Haar für Haar eine gute Geschichte

Sie schreibt auch. Mal Abgründiges, mal mitten aus dem Leben. Geschichten findet Petra Dehler genug. Und entwickelt sie dann als Mitglied der SchreibFedern Gummersbach. Sollte sie jemals ihre eigene Geschichte aufschreiben, dürften es spannende Seiten werden. Sie erzählen von einer leidenschaftlichen Unternehmerin. Die als gelernte Friseurmeisterin, Zweithaarspezialistin und Heilpraktikerin seit 22 Jahren ihr Haarkompetenz-Zentrum in Gummersbach führt. Die Menschen aus dem Oberbergischen und weit darüber hinaus, von Frankfurt bis zum Niederrhein, mit Haarersatz versorgt. Es sind vor allem Frauen. Sie haben Krebserkrankungen zu verkraften und in der Regel nach gut zwei Wochen Chemotherapie ihr Haar verloren. Oder ihnen fiel schon in jungen Jahren aufgrund einer Autoimmunerkrankung ihr gesamtes Körperhaar aus. Oder sie haben im Alter das Problem, dass ihr Haar vor allem auf dem Oberkopf immer dünner wird. Für sie alle nimmt sich Petra Dehler Zeit. Insbesondere für die Erstberatung: „Die dauert immer mindestens eine Stunde.“ Denn die Haarexpertin möchte die Menschen kennenlernen, mit denen sie unter Umständen über Jahre zusammenarbeiten wird. Als Heilpraktikerin hilft sie auch jenen, die nicht wissen, warum ihnen die Haare ausfallen. So kommen in ihre Haarsprechstunde nicht nur Menschen, die zu einem Haarersatz beraten werden möchten. Manche bringen auch die Laborberichte mit und Petra Dehler sucht mit ihnen nach Gründen für den Haarverlust.

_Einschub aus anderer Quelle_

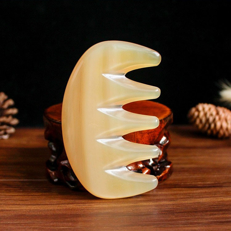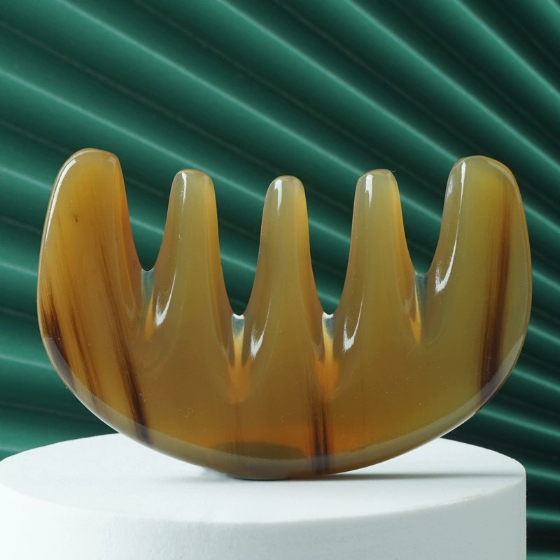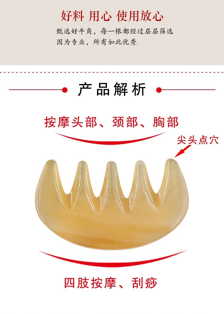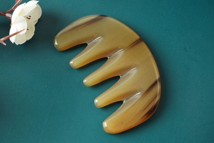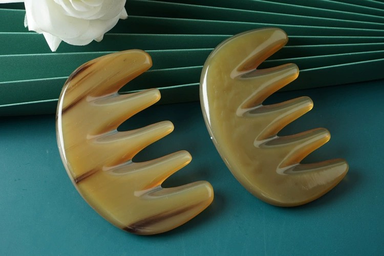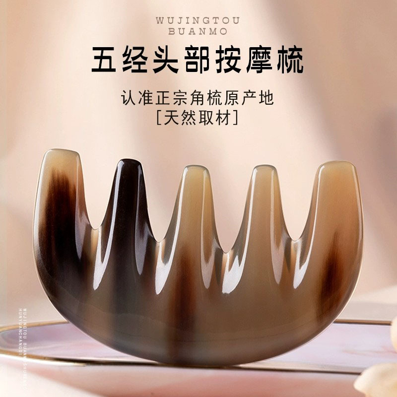 牛角羊角按摩梳头部经络梳牛角五齿按摩梳刮痧梳牛角洗头梳

Welche Erkrankung liegt vor? Soll es eine Synthetikperücke sein oder eine Echthaarperücke? Wo ist die Kundin versichert und was übernimmt die Krankenkasse? Diese und viele weitere Fragen klärt die Expertin. Sie weiß: „Bei Chemo-Patienten übernehmen verschiedene Krankenkassen alle sechs bis zwölf Monate die Kosten für einen Haarersatz.“ So lange hält dieser im Schnitt, wobei sich das nicht pauschalisieren lässt. Synthetik ist übrigens einfacher zu pflegen als Echthaar; dieses wiederum empfiehlt sich wegen der Optik und Tragbarkeit, wenn eine Kundin eine längere Perücke haben möchte. Manch anderem reicht vielleicht auch ein Haarteil, welches sich wiederum in Farbe und Look dem verbliebenen Haar perfekt angleichen muss. „Und das geht nur mit Echthaar“, rät die Expertin. Ihre Maxime: „Ein Haarersatz muss unsichtbar sein.“ Sprich, man darf ihn nicht als solche erkennen. Mit entscheidend ist hierfür der vordere Haaransatz. Dieser muss, möglichst von Hand, so fein gearbeitet sein, dass, auch wenn der Wind das Haar nach oben weht, darunter ein natürlicher Haarwuchs erscheint. Wichtig ebenfalls: Alle paar Wochen zur Intensivpflege und Perückenanpassung ins Haarkompetenz-Zentrum kommen, damit aus unsichtbar nicht sichtbar wird. Wie perfekt sich ein Haarteil ins vorhandene Haar integrieren lässt, hat Petra Dehler mit ihrem Team Anfang Juni im PORTAL by Volksbank demonstriert, beim diesjährigen Haarspende-Aktionstag. Aber Halt! Das ist ja schon der nächste Teil der Petra-Dehler-Geschichte.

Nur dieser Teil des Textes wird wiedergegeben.